यस्त्वां विसृजते मर्त्य आत्मानं प्रियमीश्वरम् । विपर्ययेन्द्रियार्थार्थं विषमत्त्यमृतं त्यजन्

Le mortel qui T’abandonne —Toi, son Seigneur le plus cher et son Soi intérieur— et, par compréhension pervertie, court après les objets des sens, délaisse le nectar de l’immortalité et choisit le poison amer de l’asservissement.

Verse 30

विष्णुर्ब्रह्माऽथ विबुधा मुनयश्चामलाशयाः । सर्वात्मना प्रपन्नास्त्वां शंकरं प्रियमीश्वरम्

Viṣṇu, Brahmā, les dieux et les sages au dessein sans tache se sont réfugiés en Toi de tout leur être : en Toi, Śaṅkara, Seigneur bien-aimé et Souverain suprême.

Verse 31

सनत्कुमार उवाच । इत्युक्त्वा बलिपुत्रस्तु विरराम शरासुरः । प्रेमप्रफुल्लितांगश्च प्रणम्य स महेश्वरम्

Sanatkumāra dit : Ayant ainsi parlé, Śarāsura, fils de Bali, s’arrêta ; et, le corps épanoui d’amour dévotionnel, il se prosterna avec révérence devant Maheśvara (le Seigneur Śiva).

Verse 32

इति श्रुत्वा स्वभक्तस्य बाणस्य भगवान्भवः । सर्वं लभिष्यसीत्युक्त्वा तत्रैवांतरधीयत

Entendant ainsi les paroles de son propre dévot Bāṇa, le Seigneur bienheureux Bhava (Śiva) dit : «Tu obtiendras tout», puis, en ce lieu même, il disparut aux regards.

Verse 33

ततश्शंभोः प्रसादेन महाकालत्वमागतः । रुद्रस्यानुचरो बाणो महाप्रमुदितोऽभवत्

Ensuite, par la grâce de Śambhu, Bāṇa atteignit l’état de Mahākāla. Cet accompagnateur de Rudra, Bāṇa, fut transporté d’une joie immense.

Verse 34

इति किल शरनाम्नः शंकरस्यापि वृत्तं सकलगुरु जनानां सद्गुरोश्शूलपाणेः । कथितमिह वरिष्ठं श्रोत्ररम्यैर्वचोभिस्सकलभुवनमध्ये क्रीडमानस्य नित्यम्

Ainsi donc, en vérité, le récit sacré de Śaṅkara—nommé ici Śara—de ce Seigneur au Trident, le Satguru de tous les gurus, a été exposé en ce lieu par des paroles excellentes, charmantes à l’oreille : au sujet de Celui qui, sans cesse, déploie sa līlā divine au milieu de tous les mondes.

Verse 56

इति श्रीशिवमहापुराणे द्विती यायां रुद्रसंहितायां पं० युद्धखंडे बाणासुरगणपत्वप्राप्तिवर्णनं नाम षट्पंचाशत्तमोऽध्यायः

Ainsi, dans le Śrī Śiva Mahāpurāṇa, dans la seconde partie—au sein de la Rudra Saṃhitā, dans le Yuddha Khaṇḍa—s’achève le cinquante-sixième chapitre intitulé : «Récit de l’accession de Bāṇāsura au rang de Gaṇa de Śiva».

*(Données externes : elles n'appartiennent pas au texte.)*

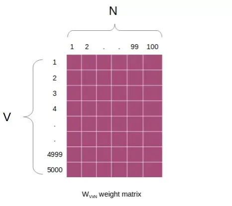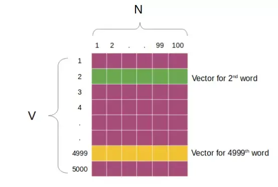 如上所示,权重矩阵的规格为5000x100。第一行对应词汇表中的第一个单词,第二行对应第二个,以此类推。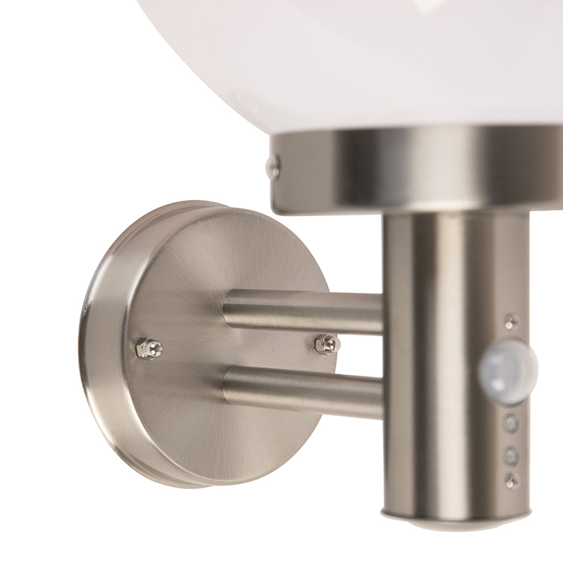 QAZQA Applique Murale D'extérieur En Acier Inoxydable Ip44 Avec Détecteur De Mouvement - Sfera

Frequently Asked Questions

After Kṛṣṇa returns to Dvārakā with Aniruddha and his wife, Bāṇa becomes distressed; Nandīśvara counsels him to accept Śiva’s will and renew worship, after which Bāṇa approaches Śiva and performs praise and tāṇḍava.

The chapter models a Shaiva psychology of crisis: sorrow is redirected into smaraṇa and ritual discipline, presenting devotion as the method by which inner disorder is stabilized and grace is accessed.

Śiva is highlighted as Śambhu/Śaṅkara the bhaktavatsala (compassionate to devotees), while devotion manifests through stotra, prostration, and tāṇḍava—ritualized speech and body as vehicles of bhakti.